Also mein altes MSI GT70 hält immernoch gut 3.5h durch (surfen mit Wlan, maximale Helligkeit, zwischendurch mal ne 45Min Serie schauen...), mit einem Akkuverschleisslevel von über 30%...  k.A. wo du die 90Min her nimmst... 

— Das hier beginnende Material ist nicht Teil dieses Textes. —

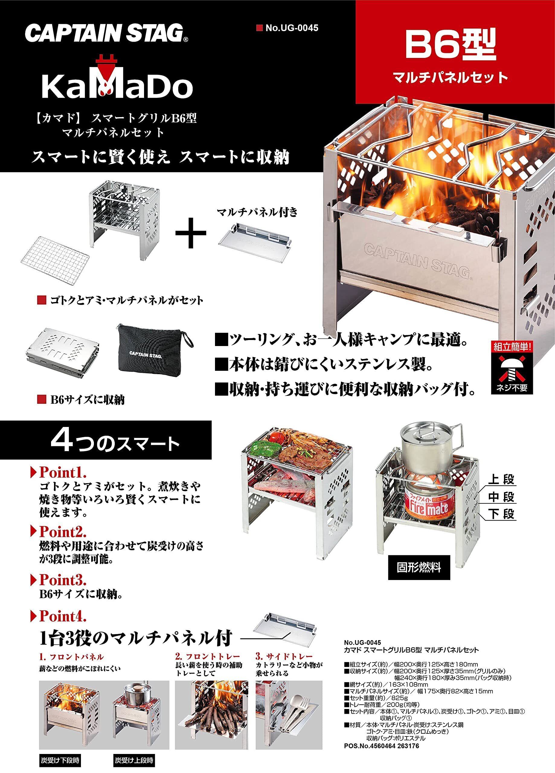 【 限定】 キャプテンスタッグ(CAPTAIN STAG) バーベキューコンロ 焚火台 1台3役 折りたたみ カマド スマートグリル 【B6型/B5型】 3段階調節可能 ステンレス製 バッグ付き UG-45/UY-7021
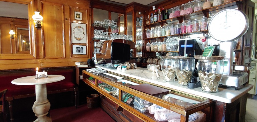 카운터 뒤에는 달아보이는것들을 많이 있었다. 달달이 전문점인가? 계획대로 비체린을 주문하고 카페 내 테이블에 앉아마시겠다고 했다. 6.5유로. 앉아서 마셔서 자리값이 더 붙은 가격일 수도. 실내는 적은 수의 대리석 테이블이 있고 테이블마다 초가 켜져있다. 어두운 밤에 오면 분위기는 더 좋겠다.

Es gibt auch sehr kleine und leichte Gamingnotebooks, in der gleichen Leistungsklasse wie die grossen 17.3" Geräte. Wie z.B. das MSI GS40 oder das MSI GS60 (da kommt die Tage der Nachfolger, das GS63).


----------



## JoXTheXPo (8. Mai 2016)

*AW: Mobiles Office und Gaming Notebook bis 1600€*

Nen Gaming Desktop hab ich ja. Der darf auch weiterhin so bleiben. So ne mischung aus mobilität und Leistung wäre einfach perfekt. Theoretisch müsste ne 960m auch reichen zum zocken. So für auswärts mal bisschen oder für ne lan müsste das doch gehen?!


----------



## iTzZent (8. Mai 2016)

*AW: Mobiles Office und Gaming Notebook bis 1600€*

Mit einer GTX960M kannst du aktuelle Spiele in 1366x768 in moderaten Details spielen. Für höhere Auflösungen fehlt es der GTX960M einfach an Leistung... da sollte es schon mind. eine GTX970M sein, denn die ist deutlich schneller wie eine GTX960M (um die 50% schneller)


----------



## attilarw (9. Mai 2016)

*AW: Mobiles Office und Gaming Notebook bis 1600€*

Also auf einer Quadro M1000M welche wohl auf einer GTX950M basiert soll man zumindest Battlefield 4 in FHD auf Hoch ab etwa 50 FPS spielen können(Erfahrung von Usern)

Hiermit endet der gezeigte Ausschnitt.